Le final de la saga n’a toujours pas démarré son tournage. En cause, un budget à recalibrer dans un box-office devenu beaucoup moins prévisible.
En bref
- Fast Forever est retardé principalement à cause de son budget, pas à cause de problèmes avec le casting ou le réalisateur.
- Universal Pictures veut réduire les coûts face à un box-office devenu plus incertain pour les grosses franchises.
- La saga Fast and Furious prépare sa conclusion au cinéma tout en développant déjà de nouveaux projets dérivés.
Le problème de Fast Forever tient en un mot, budget. Pas un clash en coulisses, pas une star qui lâche le volant, pas un réalisateur parti voir ailleurs pour de bon. Et vu l’état actuel du box-office, Universal Pictures a plutôt raison de serrer les boulons.
Le blocage, c’est l’argent, pas l’équipe
Le film final de la saga Fast and Furious n’a toujours pas lancé son tournage. Pourtant, le gros morceau rassurant est là, le casting est toujours embarqué et Louis Leterrier aussi. Le cinéaste a expliqué à The Hollywood Reporter que le retard vient surtout de la nécessité d’aligner les besoins financiers du film avec une réalité devenue plus rude en salles.
En gros, les films ont changé, les goûts du public aussi, et les recettes ne suivent plus les mêmes règles. Louis Leterrier dit toujours vouloir conclure la franchise de la meilleure manière possible, et il reste contractuellement attaché au projet.
Louis Leterrier attend, mais ne reste pas immobile
En attendant que la machine redémarre, Louis Leterrier bosse. Il s’apprête à boucler Liminal, un thriller pour Apple, et il a aussi la saison 4 de Lupin dans le viseur pour Netflix. Rien d’étonnant, d’ailleurs. Un réalisateur ne reste pas assis à patienter pendant des mois, surtout sur un blockbuster de cette taille.
Il l’a résumé avec une formule assez parlante, il a hâte, mais il ne peut pas juste attendre. Et ça raconte bien la situation actuelle de la franchise, toujours vivante, mais coincée dans une phase de recalibrage.
Universal Pictures joue la prudence, et c’est logique
Le contexte explique pas mal de choses. Depuis un an, le marché en salles alterne entre gros cartons et contre-performances à répétition. Même des franchises bien installées ont connu des ratés, avec des titres comme Masters of the Universe, Supergirl, Minions ou Vaiana. Et le simple nom d’une star ne suffit plus à faire la différence, le bruit autour de certaines sorties avale vite le reste.

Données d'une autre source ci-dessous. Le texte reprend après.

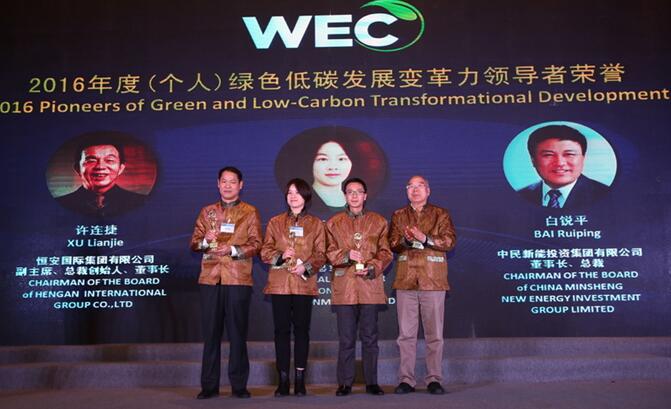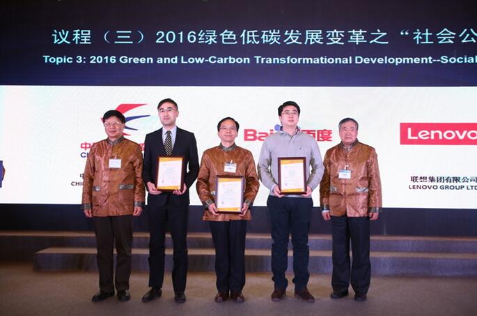 2016綠色低碳發展變革之 “中國綠效企業——綠色責任”由中平易近新能投資集團無限公司和華潤三九醫藥股份無限公司摘取。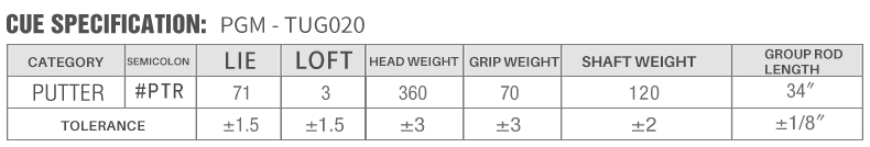 Gậy Putter PGM TUG020 sử dụng các vật liệu cao cấp và thiết kế đa nguyên trên đầu để cải thiện trọng số chu vi cho sự ổn định, kiểm soát và chính xác.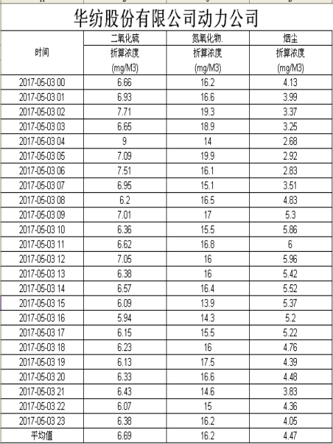 煙氣排放數據信息公開2017.5.3數據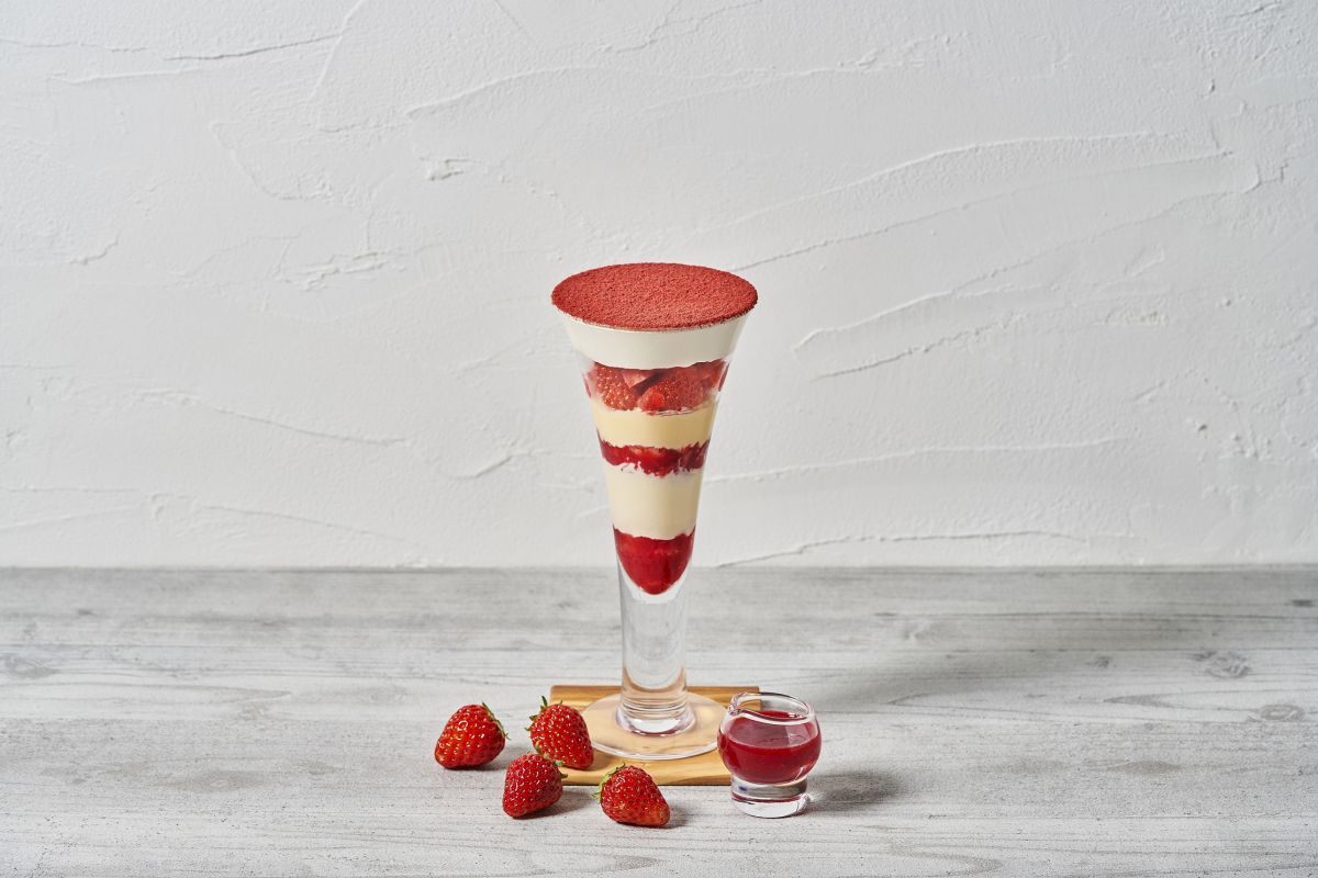 フレッシュ苺をふんだんに使った季節限定メニュー「春摘み苺パフェ」 1400円は、上にかけたフリーズドライパウダーが香りもよく、見た目も華やか。春にぴったりのスイーツです。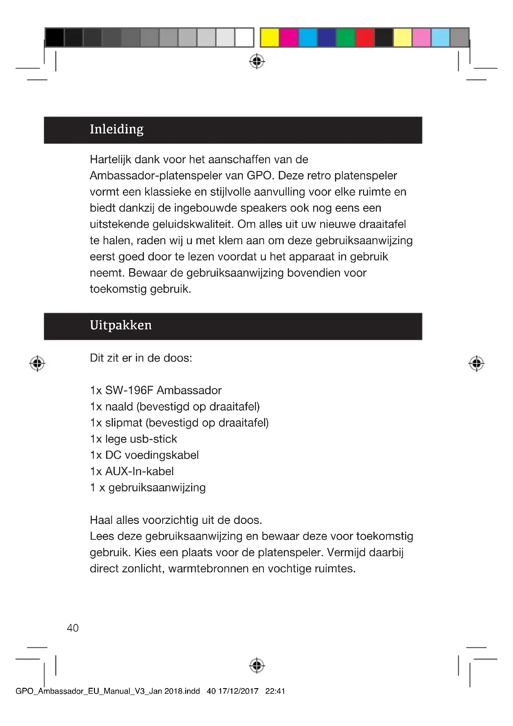 GPO_Ambassador_EU_Manual_V3_Jan 2018.indd 39 17/12/2017 22:4140 Inleiding Hartelijk dank voor het aanschaffen van de Ambassador-platenspeler van GPO. Deze retro platenspeler vormt een klassieke en stijlvolle aanvulling voor elke ruimte en biedt dankzij de ingebouwde speakers ook nog eens een uitstekende geluidskwaliteit. Om alles uit uw nieuwe draaitafel te halen, raden wij u met klem aan om deze gebruiksaanwijzing eerst goed door te lezen voordat u het apparaat in gebruik neemt. Bewaar de gebruiksaanwijzing bovendien voor toekomstig gebruik. Dit zit er in de doos: 1x SW-196F Ambassador 1x naald (bevestigd op draaitafel) 1x slipmat (bevestigd op draaitafel) 1x lege usb-stick 1x DC voedingskabel 1x AUX-In-kabel 1 x gebruiksaanwijzing Haal alles voorzichtig uit de doos. Lees deze gebruiksaanwijzing en bewaar deze voor toekomstig gebruik. Kies een plaats voor de platenspeler. Vermijd daarbij direct zonlicht, warmtebronnen en vochtige ruimtes. Uitpakken GPO_Ambassador_EU_Manual_V3_Jan 2018.indd 40 17/12/2017 22:4141 Funkties De Ambassador-draaitafel bezit de volgende kenmerken: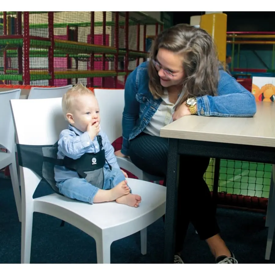 chair. 5-point harness secures the child to the chair. Universal, fits most chairs. Safe for your child. Compact, foldable. Material: polyester. Easy to clean. Colour: black/grey melange.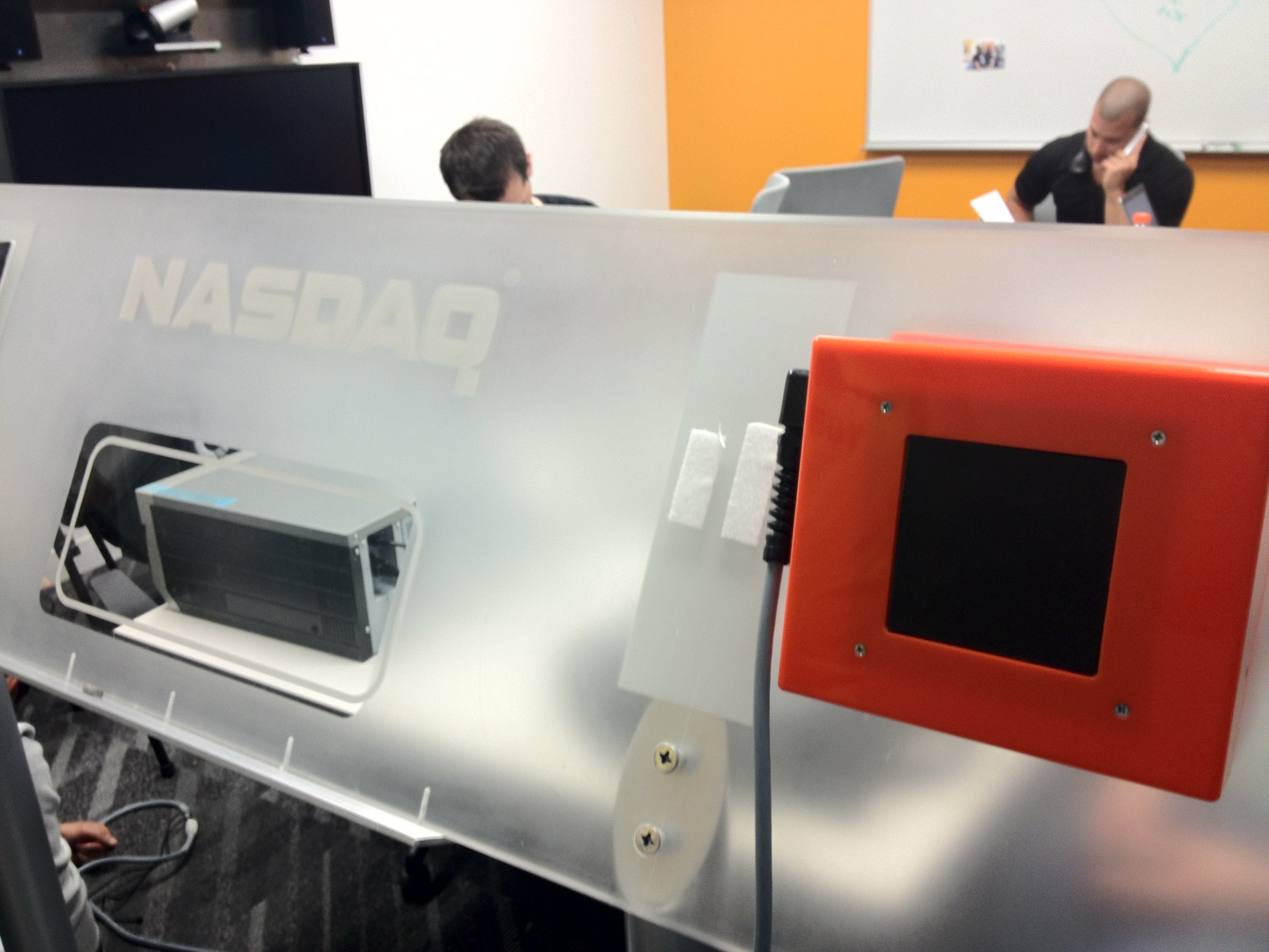 Step two was to see how the actual NASDAQ button worked. By the time NASDAQ arrived on Wednesday, a few other engineers caught wind of the project and offered their help. So five of us headed over to the conference room to check out the button. NASDAQ was game and allowed us to dismantle the button, with only one rule: don’t break it.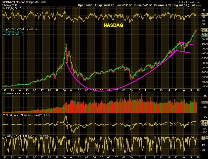 NASDAQ –  For newer readers,  this is one of a few Parabolic Nasdaq charts that I have posted. This one I posted in MAY to show the similarities of this ramp higher.  I was pointing out here the “Rough ride” for 1 year in 1999 that can come before the final ramp up.  Bull markets are not as smooth as they look in hindsight, they can buck and kick.  I wanted us to know that choppiness could also be present.

Du coup, contenir le budget de Fast Forever a du sens. Les derniers volets ont continué à bien marcher, mais sans repasser au-dessus des 800 millions de dollars, là où deux films précédents avaient franchi le milliard. Pour un final, mieux vaut sécuriser la rentabilité que miser sur un jackpot automatique. Clairement, Universal ne veut pas finir en sur-régime.
La fin au cinéma, pas la fin de la machine
Et la bonne nouvelle pour la marque, c’est que tout ne repose pas sur ce seul film. Quatre projets TV sont déjà en développement, avec des personnages hérités de la franchise dans le paysage. La saga peut donc clore son arc actuel sans couper le moteur derrière.
La sortie de Fast Forever reste calée à 2027. Si le studio règle son équation budgétaire sans saboter l’ampleur du final, c’est probablement la décision la plus saine de tout ce dossier.